Preferably, I would be able to find the index of every unique state in the overall nx7 list. Does anyone know how to do this?

Thanks!

The issue is that isequal operates on the entire array, rather than columnwise like you seem to want. SInce the entire matrix does not match unst[1,:], you get a single false as a result.

Does

findall(isequal(unst[1,:]), eachcol(@view(states[1:3, :]))) # @view is optional

do what you want? This should slice the matrix into each 3-tall column and compare each of those to unst[1, :].

For example,

julia> findall(isequal([1;2;3]), eachcol([1;1;1;; 1;2;3;; 3;2;1;; 2;2;2;;]))
1-element Vector{Int64}:
 2

I’m actually trying to match rows, not columns. States is formatted like

  1  1   0
  1  1   1
  2  1   1
  2  1   2
  2  2   0
  2  2   1

and unst is formatted like

  1  1   0
  1  1   1
  2  1   1
  2  1   2
  2  2   0

The rest of my earlier comment is likely still relevant except that you might need to use eachrow(states[:, 1:3]) instead of eachcol(states[1:3, :]).


In general, the NumPy/MATLAB/etc pattern of smooshing all your data into a mega-array and then slicing-and-dicing it during processing is not necessary in Julia (or other languages where non-arrays are performant). Where relevant, you might consider using types to organize your data a little more carefully. For example:

julia> struct StateDescriptor
           state1::NTuple{3, Int} # maybe even make a special type for these
           state2::NTuple{3, Int}
           freq_diff::Float64
       end

julia> bunch_of_states = [StateDescriptor((1,1,0), (1,0,1), 6380.35), StateDescriptor((1,1,1), (1,0,1), 6316.91), StateDescriptor((2,1,1), (2,0,2), 6444.27), StateDescriptor((2,1,2), (1,0,1), 11086.5)]
4-element Vector{StateDescriptor}:
 StateDescriptor((1, 1, 0), (1, 0, 1), 6380.35)
 StateDescriptor((1, 1, 1), (1, 0, 1), 6316.91)
 StateDescriptor((2, 1, 1), (2, 0, 2), 6444.27)
 StateDescriptor((2, 1, 2), (1, 0, 1), 11086.5)

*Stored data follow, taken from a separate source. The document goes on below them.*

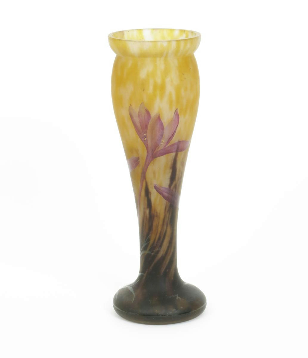 A Mado enamelled glass vase, painted with autumn crocus flowers in purple and green on a mottled orange ground acid etched Mado Nancy signature to foot 31cm. high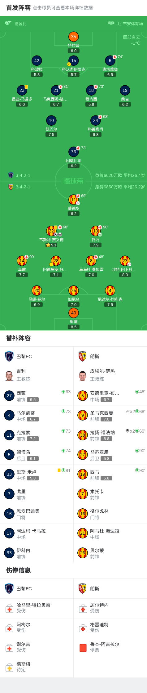 第38分钟,朗斯球员沙特-阿卜杜勒哈米德助攻韦斯利-赛义德打入一球。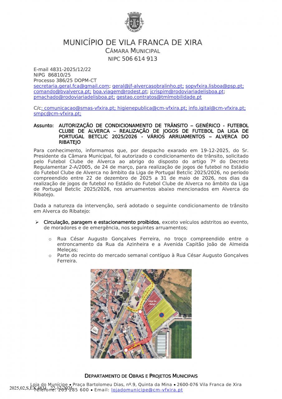 Condicionamento de Trânsito – Realização de Jogos de Futebol da Liga de Portugal Betclic – 2025/2026

julia> all_states = vcat([x.state1 for x in bunch_of_states], [x.state2 for x in bunch_of_states])
8-element Vector{Tuple{Int64, Int64, Int64}}:
 (1, 1, 0)
 (1, 1, 1)
 (2, 1, 1)
 (2, 1, 2)
 (1, 0, 1)
 (1, 0, 1)
 (2, 0, 2)
 (1, 0, 1)

julia> unique_states = unique(all_states)
6-element Vector{Tuple{Int64, Int64, Int64}}:
 (1, 1, 0)
 (1, 1, 1)
 (2, 1, 1)
 (2, 1, 2)
 (1, 0, 1)
 (2, 0, 2)

julia> findall(isequal(unique_states[1]), x.state1 for x in bunch_of_states) # (1, 1, 0) in state1
1-element Vector{Int64}:
 1

julia> findall(isequal(unique_states[5]), x.state2 for x in bunch_of_states) # (1, 0, 1) in state2
3-element Vector{Int64}:
 1
 2
 4

Done this way, there isn’t even a question about rows versus columns. I’m sure you’d want to make some adjustments to what I’ve suggested based on your full use case, but in general I find data/code like this much easier to reason about.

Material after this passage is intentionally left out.